First off, why the balls did you bold and make the font bigger?

Forces are nice, Flux TT30's, 2011 K2 Indy's, Rome 390's reg or boss, Ride Deltas.


----------



## Beatlesfan888 (Jul 8, 2010)

How are the Indy's they're real cheap i wouldnt mind giving them a try. How would they compare to like the union DLX's or Force's for that matter


----------



## Nivek (Jan 24, 2008)

I haven't heard from K2 on this, but from what I can tell 2011 Indys are either 2010 or 2009 Formulas. If I'm right then for the money they are a great buy, better than DLX's and depending on personal preference on par with Forces.


----------



## npalmern (Sep 28, 2010)

Yea I think im gonna go with the 390s but the indys seem pretty sick too. I had the formulas and the indys look sick but cheap and yea the 390s look sick


----------



## Beatlesfan888 (Jul 8, 2010)

Nivek said:


> I haven't heard from K2 on this, but from what I can tell 2011 Indys are either 2010 or 2009 Formulas. If I'm right then for the money they are a great buy, better than DLX's and depending on personal preference on par with Forces.

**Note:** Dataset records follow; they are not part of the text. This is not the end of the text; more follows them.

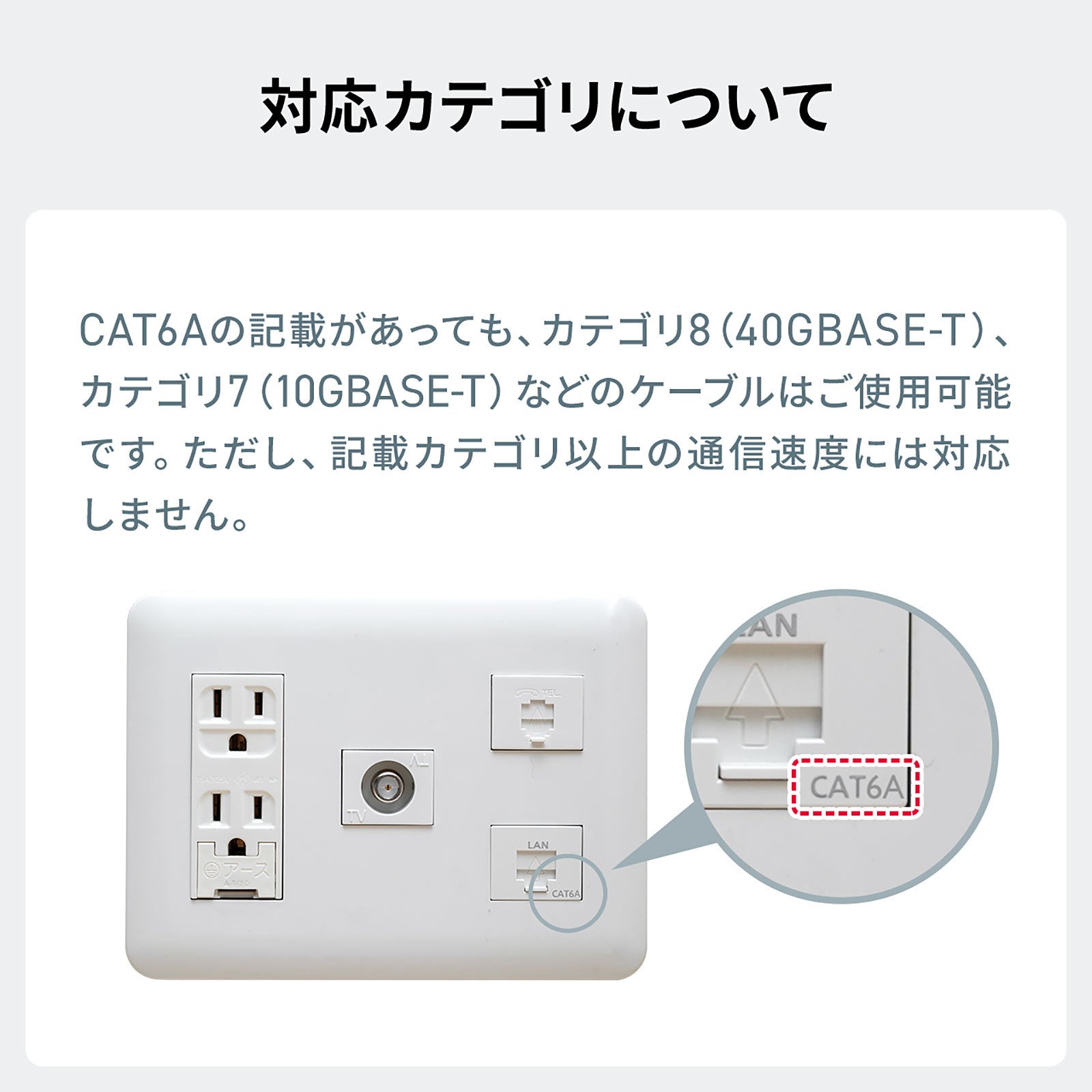 カテゴリ6A(CAT6A)に準拠し、10GBASE-Tを含む高速通信に対応。1000BASE-T・100BASE-TX環境でも安定したデータ転送が可能です。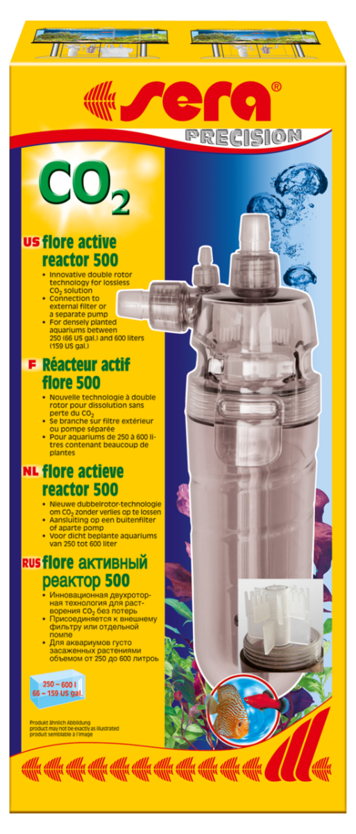 De sera flore actieve CO2-reactor wordt in een bestaand watercircuit (b.v. buitenfilter) geïntegreerd of kan alternatief via een pomp gebruikt worden. De rotoren zorgen voor een sterke vermenging van CO2 met het aquariumwater, zodat er honderden belletjes CO2 per minuut opgelost kunnen worden.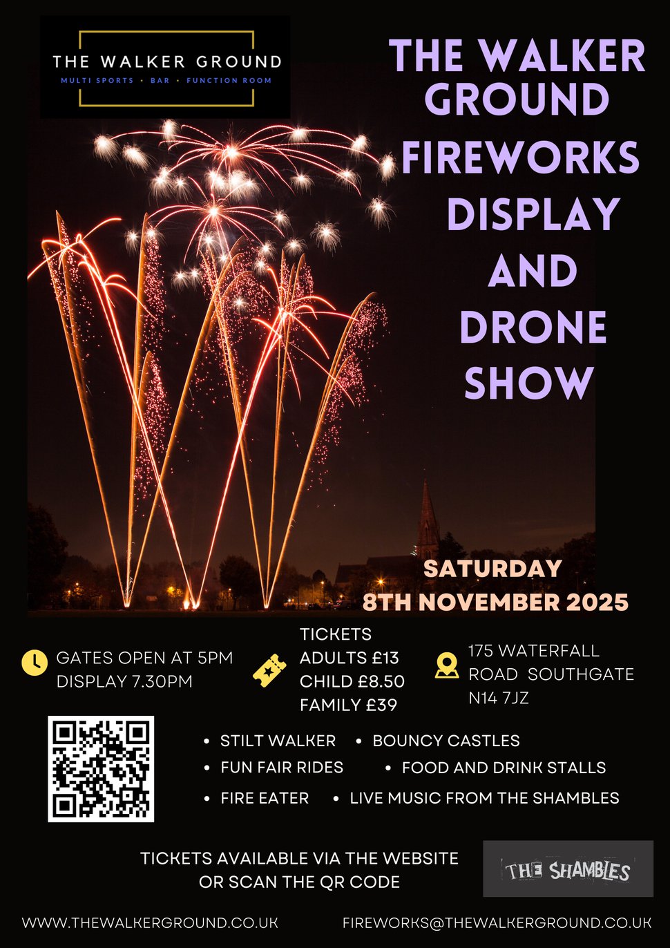 This year’s Fireworks Night at The Walker Ground will feature the debut of our spectacular Drone Show – included with your entry ticket!

Hmm thats interesting ive heard real good stuff about the Formulas. Did they discontinue them this year? I havnt looked into any 2011 K2 bindings yet. But that sounds pretty good im seriously considering it thanks


----------



## Nivek (Jan 24, 2008)

From the K2 rep, this years Indy's are last years minus the hinge on the heelstrap. I think its the best binding for you money in 2011.


----------



## Beatlesfan888 (Jul 8, 2010)

Thanks man ill look into that


----------



## NYCboarder (Jan 26, 2008)

im up in the air btw the 390s and the targas... does anyone know if their is a big weight diff btw the 2.. Because if not the targas seem the way to go bc they have the adjustability to ride like 390s it seem


----------



## Failed_God (Oct 29, 2009)

i have last years indys and i love them. Although on the new indys it sucks there is no hinge its one of my favorite features of my indys


----------